The symbolic derivation is similar to that in your previous Question. I list it here (commented-out) for reference.
Symbolic Derivation —
% syms p t y(t) Y
% p = sym('p%d', [1 2]);
% D1y = diff(y,t);
% D2y = diff(y,t,2);
% Eqn = D2y + p(1)*(1-exp(-10*t)) + p(2)*(1-cos(10*t))*D1y + y == 0;
% yode = odeToVectorField(Eqn);
% Yodefcn = matlabFunction(yode, 'Vars',[t Y p])

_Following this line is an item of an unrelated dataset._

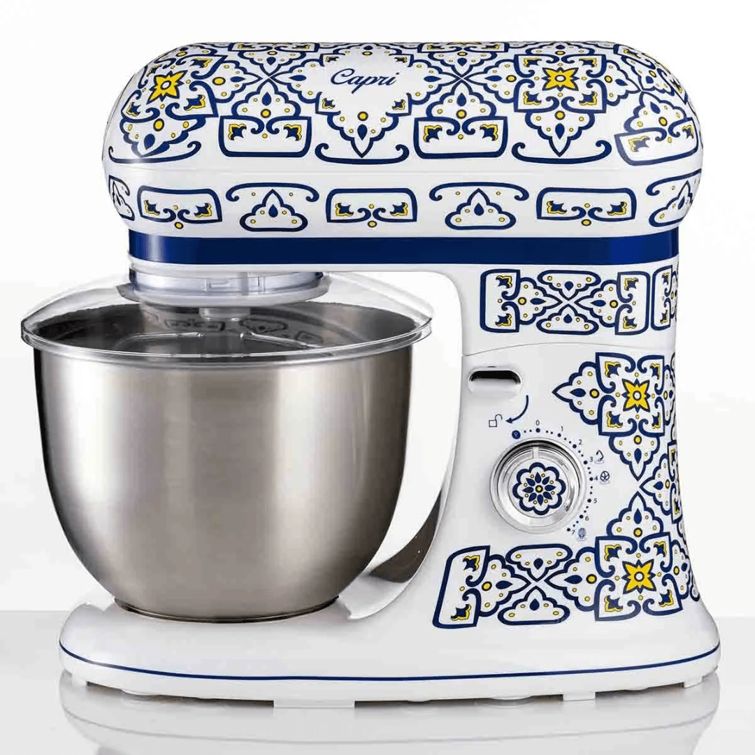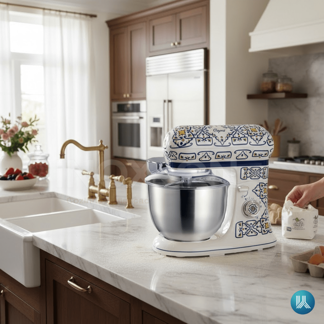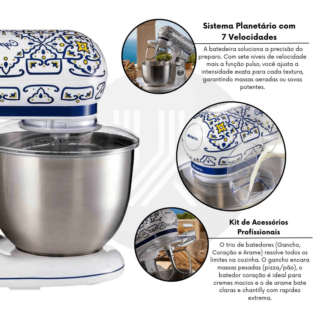 Design Mediterrâneo Exclusivo: A estampa inspirada no Mediterrâneo resolve a busca por sofisticação. Mais que um utensílio, esta planetária é uma peça decorativa de luxo que traz cor e vida para cozinhas de alto padrão.

The code with the varying parameters is therefore straightforward with the results of the symbolic derivation.
The Code —
Yodefcn = @(t,Y,p1,p2) [Y(2);p1.*(exp(t.*-1.0e1)-1.0)-Y(1)+p2.*(cos(t.*1.0e1)-1.0).*Y(2)];
Pmat = [-0.11674 0.05351 1.8989; -0.18115 0.05157 0.6279]; % Parameter & Initial Condition Matrix
tspan = linspace(0, 15, 100);
for k1 = 1:size(Pmat,1)
Y0 = [0 Pmat(k1,3)];
[T{k1},Y{k1}] = ode45(@(t,Y) Yodefcn(t,Y,Pmat(k1,1),Pmat(k1,2)), tspan, Y0);
end
figure(1)
plot(T{1}, Y{1})
hold on
plot(T{2}, Y{2}, '--')
hold off
grid
xlabel('\itt\rm')
ylabel('\ity\rm(\itt\rm)')
The ‘p’ vector in the symbolic derivation are the relevant parameters. These are then entered into the ‘Pmat’ matrix for convenience, the first two columns corresponding to the first two parameters in each differential equation, and the third column the initial condition for the derivative. These are then called in the corresponding iterations of the for loop, and the results saved in the corresponding cell arrays, ‘T’ and ‘Y’. Then figure(1) plots them, the first set with a solid line, and the second set with a dashed line. (I would have added a legend if I knew what to call the plotted values.)